Caracas es una mujer que me desa(r)ma. Vuelvo al museo de arte contemporáneo donde le corté un pedazo del brassiere a Charlote Moorman cuando interpretaba su violectra durante un concurrido happening de videoarte (recuerdo la cara alarmada de Carlos Rangel ante el trozo exagerado de la prenda íntima que escindí dejando un pezón descubierto de la artista anglo). Recorro las sedes adjuntas de la galería de arte nacional / museo de bellas artes, reposando en el jardín de las esculturas y asomándome, más tarde, a la terraza del último piso desde donde diviso el minarete de la mezquita vecina recortada contra ese Alá mineral y vegetal: la omnipresencia telúrica de la montaña.
Mi ciudad ahora es un disfrute sereno, voyeurístico, del examante que espía de soslayo a su examada, añorándola con extrañamiento, contemplación a destiempo que se compensa con la exaltación de la memoria, paladeando añejos placeres que se intensifican con la presencia ¿Cómo se llamaba y dónde se encuentra exactamente aquella placita, parque o área verde que, con su breve caída de agua, apagaba el tumulto de la avenida Urdaneta, haciéndola un apacible punto de encuentro?
Duele comprobar el deterioro de esta dama madura a quien la decadencia devenida en vulgar celulitis no le sienta. Porque no son las marcas señoriales del cuero curtido ni las líneas de expresión propias del rostro enriquecido por la experiencia. Son arrugas y ojeras. Es dejadez, indiferencia, amargura y desencanto.
Caracas tiró la toalla ante un urbanismo inconsciente, caótico y desmemoriado. Persisten, eso sí, pequeños prodigios que se extravían, escondiéndose, creo, de los depredadores habituales y de otros nuevos que surgen por (de)generación espontánea.
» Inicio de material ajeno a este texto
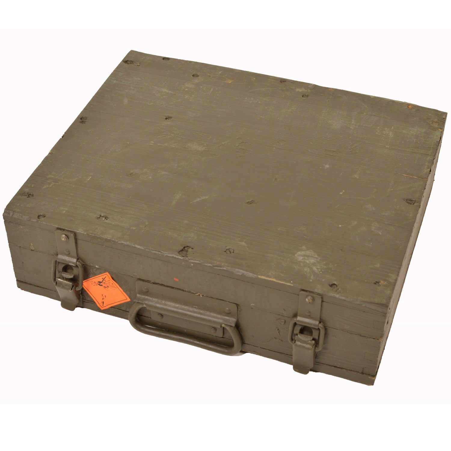 Caisse en bois d'occasion avec couvercle, pour munitions 82-EO-M. Dimensions : 39 x 32 x 11 cm. Plus d'informations

Preservados en la caja fuerte de mi recuerdo, para que no me los expropien, ni siquiera me atrevo a nombrarlos.
¿Sobrevivirá aquel exquisito restaurant familiar donde consideraban el café una gentileza que jamás debe cobrarse? ¿O ese motelito discreto y confortable en el que nadie osaba apresurar a las parejas que ejercían explícitamente las artes amatorias a cabalidad y buen resguardo? ¿Acaso se desvanecieron las salas cinematográficas de arte y ensayo donde Fassbinder, Fellini, Saura, Truffaut, Buñuel, Antonioni, Pasolini, Bertolucci, Lelouch, Scola, la Wertmüller, los hermanos Taviani, Kadar, Russell, Altman, Bergman, Kurosawa y tantos otros nos asombraban con la inteligencia luminosa del celuloide que sintetizaba y celebraba a las seis restantes artes? ¿Y los festivales internacionales de teatro que acercaban a los espectadores caraqueños a lo más intenso de la vanguardia escénica italiana, francesa, londinense, alemana? ¿Con nuestra innegable naturaleza sísmica, ¿qué estrenarán los novísimos coreógrafos urbanos?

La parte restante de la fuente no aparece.